La République tchèque et la lutte anti-contrefaçon

Richard Holenda, de la direction des douanes de Hradec Kralove, livrait cette semaine quelques chiffres éloquents. En 2005, plus d'un million d'objets contrefaisants ont été saisis par les douanes sur le sol tchèque, soit près de 3500 par jour ! La valeur totale des produits saisis dépasse les 500 millions de couronnes.

En 2004, 36% des biens saisis par les douanes tchèques étaient des CDs, 35% des vêtements, et 19% des DVDs. L'alcool et le tabac représentent également une part croissante du commerce de la contrefaçon. Une importante proportion de ces produits contrefaisants ou piratés est vendue sur les marchés situés aux frontières allemandes et autrichiennes, mais les consommateurs peuvent aussi en voir et en acheter dans les grandes villes, comme à Prague, où existent des marchés quasi-spécialisés dans la contrefaçon. Cependant, le nombre de saisies effectuées par les douanes tchèques est en constante augmentation depuis six ans. Depuis l'année 2000, le taux de croissance annuel moyen du nombre de saisies approche les 90%. L'augmentation de ces saisies montre la fin d'une certaine tolérance vis-à-vis de ce problème.

François Veit est un avocat français du cabinet Gide, Loyrette et Nouel qui travaille depuis quelques années en République tchèque. Radio Prague lui a demandé ce qui à ses yeux était le plus marquant dans l'évolution de la politique de Prague contre la contrefaçon :

« Le plus marquant est que les opérateurs, depuis 2002/2003, font systématiquement valoir leurs droits en matière de propriété intellectuelle, ce qu'ils faisaient avec plus de réticence auparavant parce qu'ils connaissaient mal l'environnement judiciaire ou administratif. On est maintenant dans une tendance différente et depuis l'entrée dans l'UE on est rentré dans un 'jeu' où tout le monde est dans la même cour. C'est à dire qu'à la fois les Tchèques peuvent faire valoir la protection leurs droits en France, ce que notre cabinet fait de plus en plus depuis 2004, et de la même manière, les opérateurs français, anglo-saxons ou autres saisissent systématiquement les tribunaux, l'Inspection tchèque du Commerce ou les Douanes pour faire valoir leurs droits, notamment en matière de contrefaçon. Et on eu l'occasion par exemple d'intervenir dans divers dossiers où certaines sociétés nous demandaient de faire cesser certains troubles et on a obtenu la pleine coopération de l'Inspection du Commerce et autres autorités locales. »

Quand vous parlez de 'troubles', cela peut être par exemple une société française qui s'aperçoit que ses produits sont contrefaits et vendus sur le marché tchèque et qui fait appel à vous ?
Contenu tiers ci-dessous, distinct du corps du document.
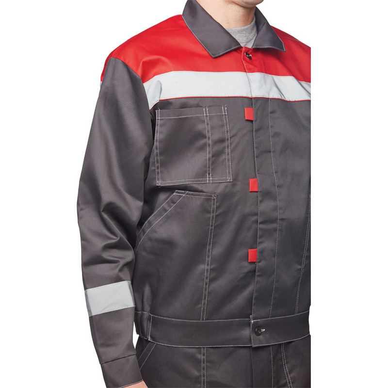 Спецодежда летняя костюм мужской л20-КБР состоит из куртки и брюк (размер 48-50, рост 170-176). Изготовлен из смесовой ткани (65% полиэстер, 35% хлопок), плотностью 210 г/кв.м. Куртка прямого силуэта с притачным поясом и боковыми вставками с эластичной лентой, для лучшего прилегания. Для защиты от истирания локтевая и коленная части костюма усилены. Все элементы костюма выделены контрастной отстрочкой. На кокетке, рукавах, и брючинах светоотражающая полоса - 5 см. Сферы применения: сельское хозяйство, логистика, легкая промышленность, строительство, озеленение. Костюм обеспечивает защиту от производственных загрязнений. ГОСТ 12.4.280-2014, ТР ТС 019/2011. ЗАКОНОДАТЕЛЬНЫЕ И ТЕХНИЧЕСКИЕ ДОКУМЕНТЫ:

« Exactement, et nous en tant qu'avocats on coordonne avec les pouvoirs publics tchèques les actions à mener. La dernière opération a par exemple été menée sur un marché vietnamien à la périphérie de Prague pour le compte d'une société française. Grâce la coopération des autorités tchèques et de la police, on a pu faire cesser un trouble. Il y a quelques années, l'opérateur aurait renoncé par avance à faire valoir ses droits... »
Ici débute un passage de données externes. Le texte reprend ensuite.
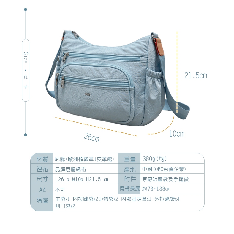 【OMC】(粉嫩藍)輕盈紙感橢圓袋多隔層側背斜背包33601【OMC】(粉嫩藍)輕盈紙感橢圓袋多隔層側背斜背包33601OMC官方旗艦館
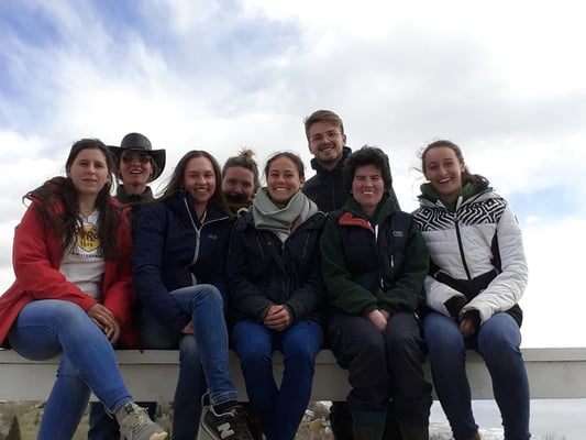 There are always helpers who want to do a photo op dressed up as cowboys/cowgirls. These young ladies were very practical, they kept their muck boots on! Later in the spring a whole van load of International helpers headed down to watch the Rodeo in North Battleford. Along the way they decided to climb the lighthouse hill in Cochin for another photo op.

La République tchèque est en même temps une zone de transit et une zone de consommation des biens contrefaisants, dont près de 75% sont fabriqués sur le continent asiatique. Aujourd'hui, les autorités font valoir que l'impact de la contrefaçon est non seulement dommageable au commerce, à la compétitivité et à l'investissement, mais aussi nuisible à la sécurité et à la santé des consommateurs, lorsqu'il s'agit de médicaments ou de pièces détachées de véhicules de transport par exemple.
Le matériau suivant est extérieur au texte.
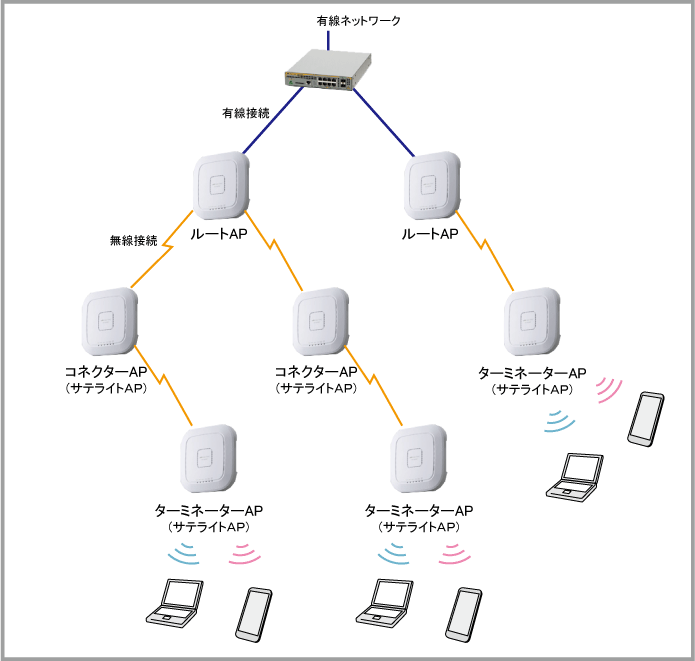 スマートコネクトネットワークにおいて、APは次のように大別されます。- ルートAP

Depuis 1999, une commission interministérielle coordonne à Prague les actions des Douanes, de l'Inspection du Commerce, de l'Inspection Agroalimentaire et de la police. Un plan national d'action de lutte anti-contrefaçon est en préparation et une législation dans ce sens est discutée en ce moment en deuxième lecture au Parlement tchèque.

Et pour terminer cette émission sur une note positive, rappelons que depuis 2003, les saisies des douanes tchèques de produits textiles, chaussures et accessoires, après suppression des signes distinctifs de contrefaçon évidemment, sont distribuées à des associations humanitaires.